> **Exercise instructions**:
Below is a listing with pictures in it; transcribe exactly the lines from the one that has "Rua Roberto Brzezinski, centro" through the one that has "Строгая коричневая сумка", and omit those pictures.

> **Available records**:

[Start of Attachment]

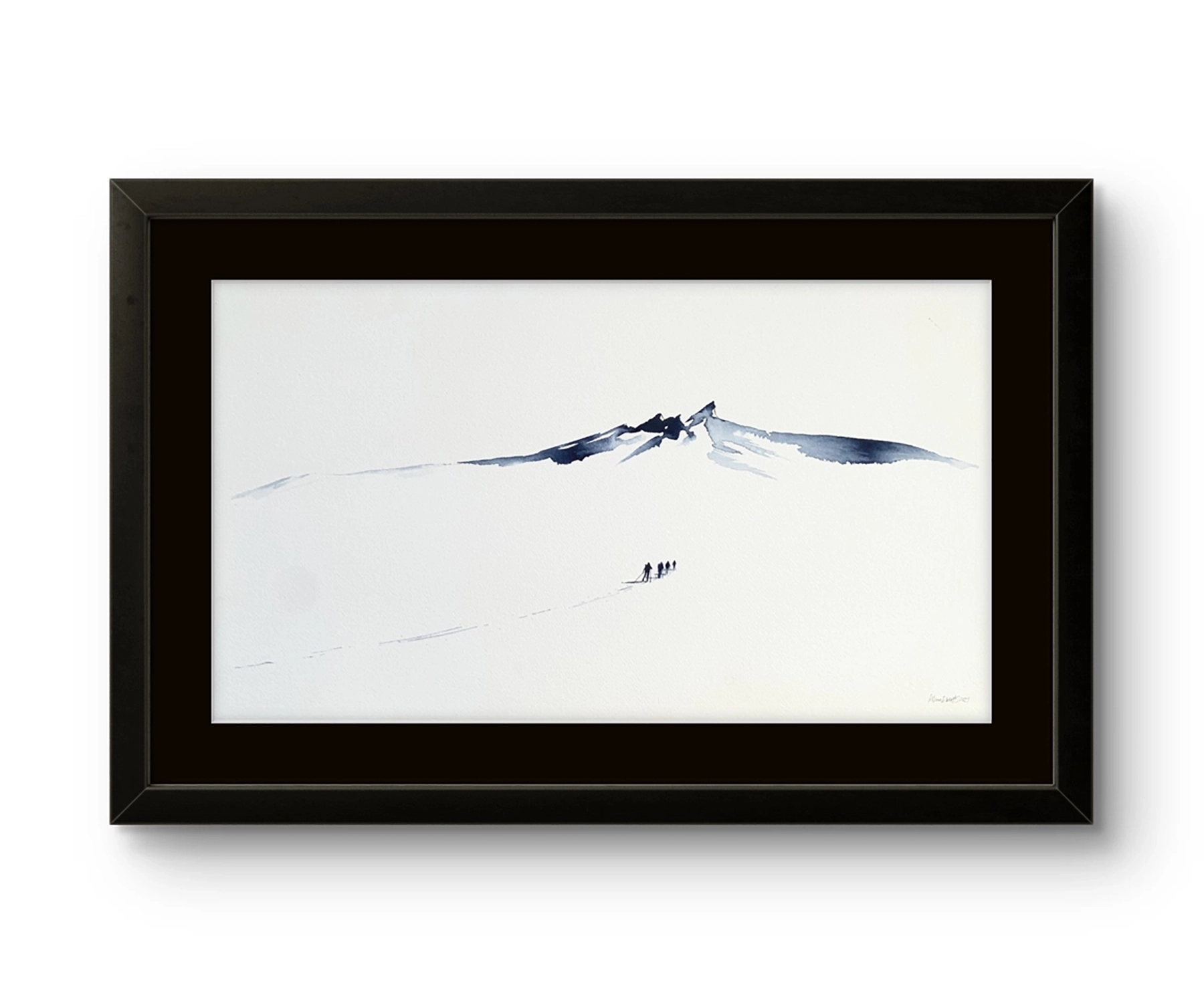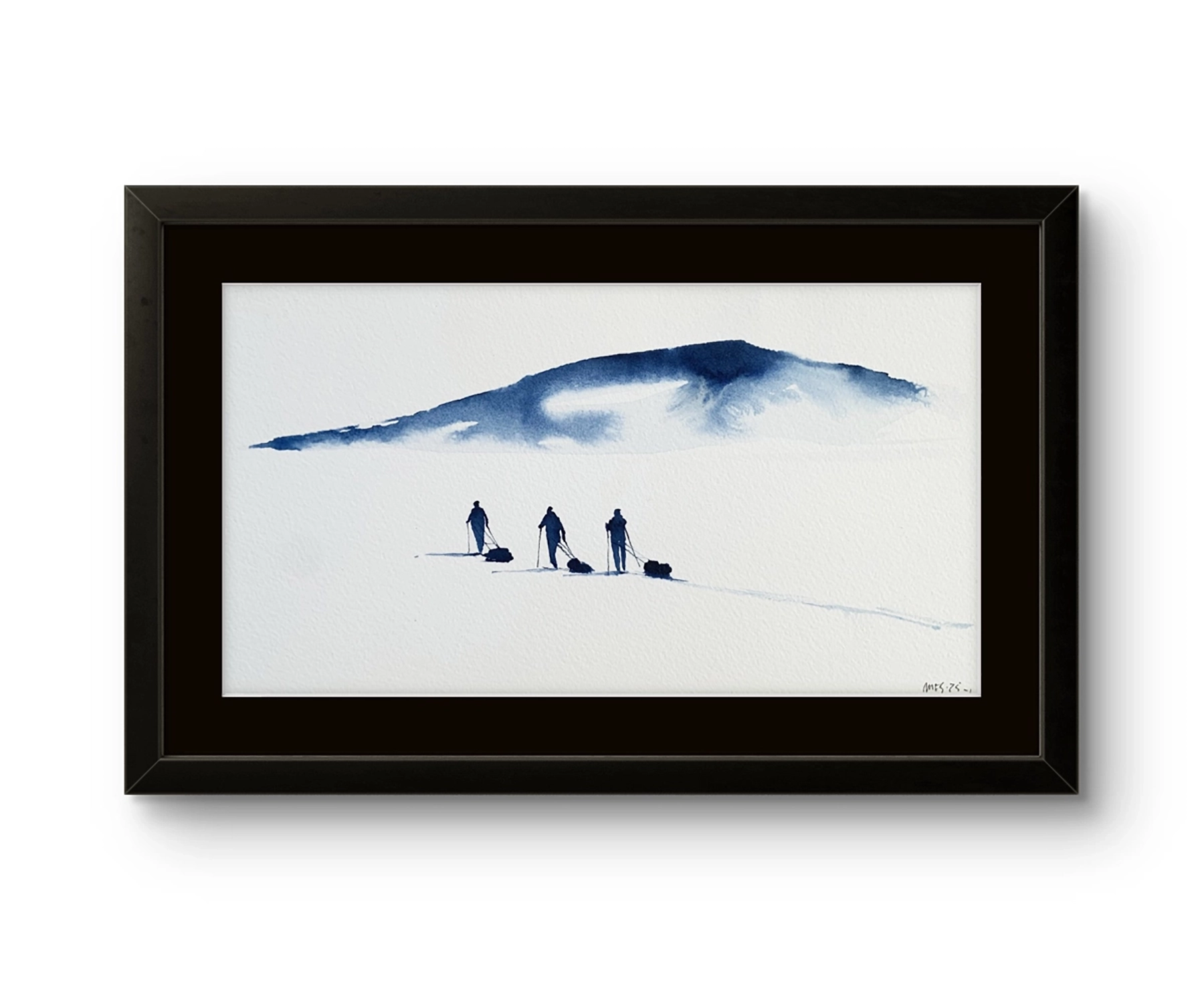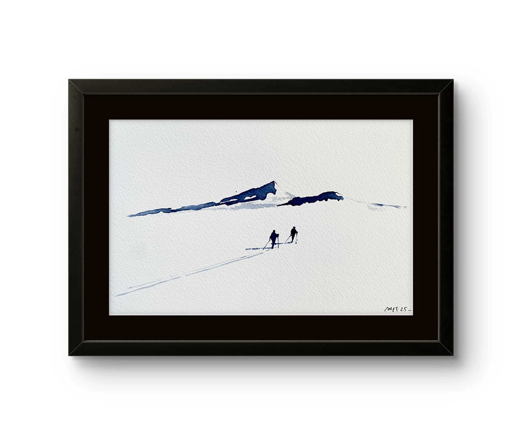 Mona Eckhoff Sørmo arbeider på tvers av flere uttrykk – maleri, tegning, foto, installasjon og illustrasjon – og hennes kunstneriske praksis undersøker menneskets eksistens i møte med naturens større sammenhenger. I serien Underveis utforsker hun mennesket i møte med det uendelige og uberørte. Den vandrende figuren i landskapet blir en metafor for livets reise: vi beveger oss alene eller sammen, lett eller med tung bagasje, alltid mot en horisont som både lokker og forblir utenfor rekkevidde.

[End of Attachment]
[Start of Attachment]

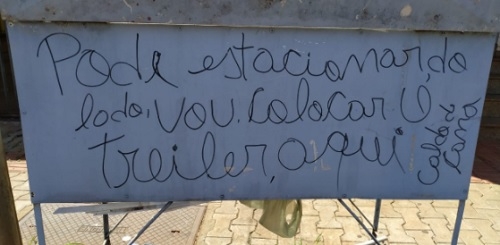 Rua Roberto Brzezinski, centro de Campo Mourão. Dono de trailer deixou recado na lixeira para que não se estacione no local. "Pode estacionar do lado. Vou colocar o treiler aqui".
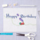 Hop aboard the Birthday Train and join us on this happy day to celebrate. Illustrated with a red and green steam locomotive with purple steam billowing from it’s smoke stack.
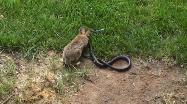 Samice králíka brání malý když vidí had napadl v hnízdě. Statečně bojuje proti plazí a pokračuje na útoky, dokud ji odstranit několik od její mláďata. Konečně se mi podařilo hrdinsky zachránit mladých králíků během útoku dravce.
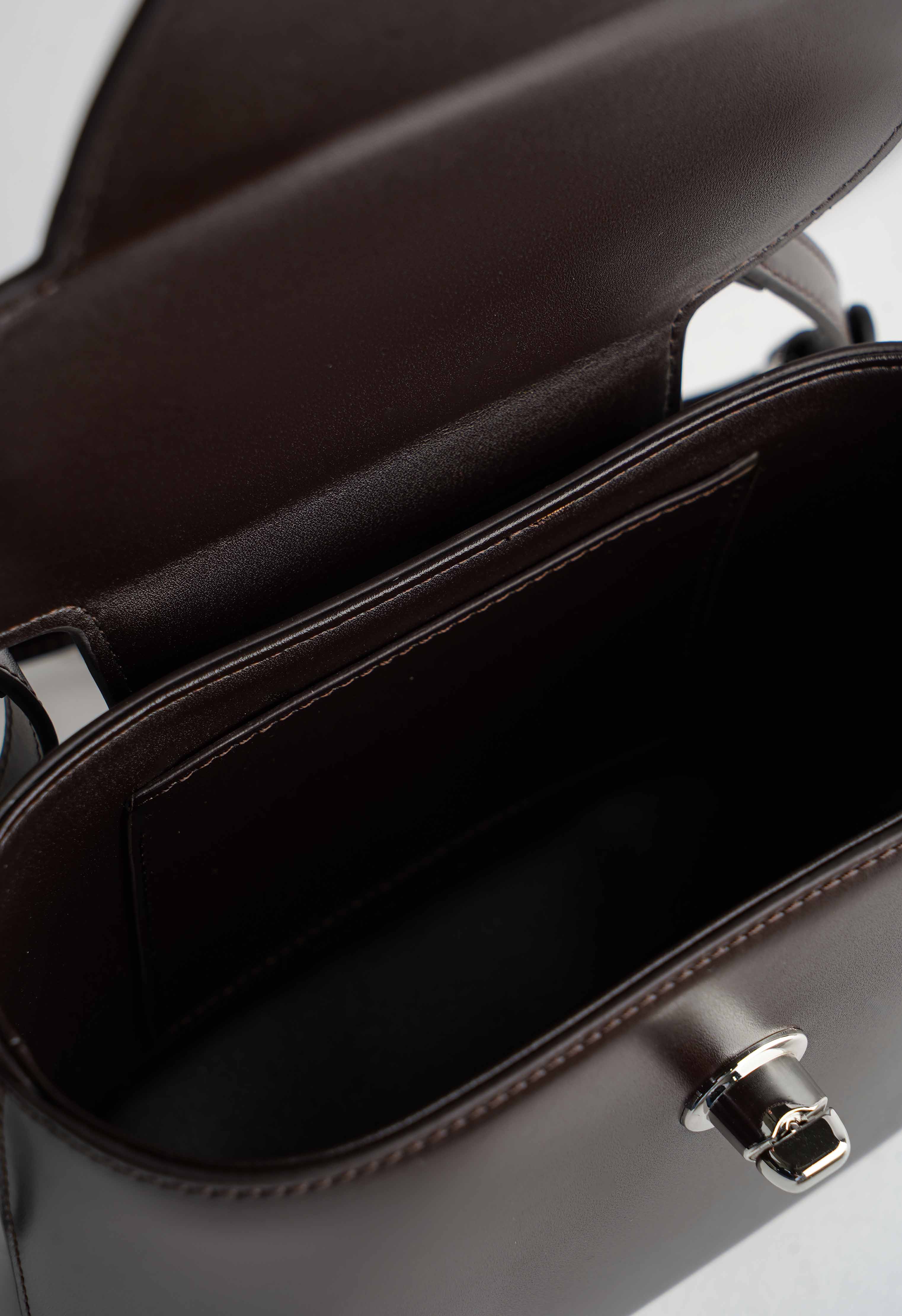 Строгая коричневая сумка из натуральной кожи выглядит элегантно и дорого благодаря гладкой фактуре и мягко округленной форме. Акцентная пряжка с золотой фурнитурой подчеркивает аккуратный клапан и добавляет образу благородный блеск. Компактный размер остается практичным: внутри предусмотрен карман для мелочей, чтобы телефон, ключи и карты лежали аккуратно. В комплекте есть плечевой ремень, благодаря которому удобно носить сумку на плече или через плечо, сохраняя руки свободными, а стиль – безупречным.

[End of Attachment]

> **Response box**:
 Rua Roberto Brzezinski, centro de Campo Mourão. Dono de trailer deixou recado na lixeira para que não se estacione no local. "Pode estacionar do lado. Vou colocar o treiler aqui".
 Hop aboard the Birthday Train and join us on this happy day to celebrate. Illustrated with a red and green steam locomotive with purple steam billowing from it’s smoke stack.
 Samice králíka brání malý když vidí had napadl v hnízdě. Statečně bojuje proti plazí a pokračuje na útoky, dokud ji odstranit několik od její mláďata. Konečně se mi podařilo hrdinsky zachránit mladých králíků během útoku dravce.
 Строгая коричневая сумка из натуральной кожи выглядит элегантно и дорого благодаря гладкой фактуре и мягко округленной форме. Акцентная пряжка с золотой фурнитурой подчеркивает аккуратный клапан и добавляет образу благородный блеск. Компактный размер остается практичным: внутри предусмотрен карман для мелочей, чтобы телефон, ключи и карты лежали аккуратно. В комплекте есть плечевой ремень, благодаря которому удобно носить сумку на плече или через плечо, сохраняя руки свободными, а стиль – безупречным.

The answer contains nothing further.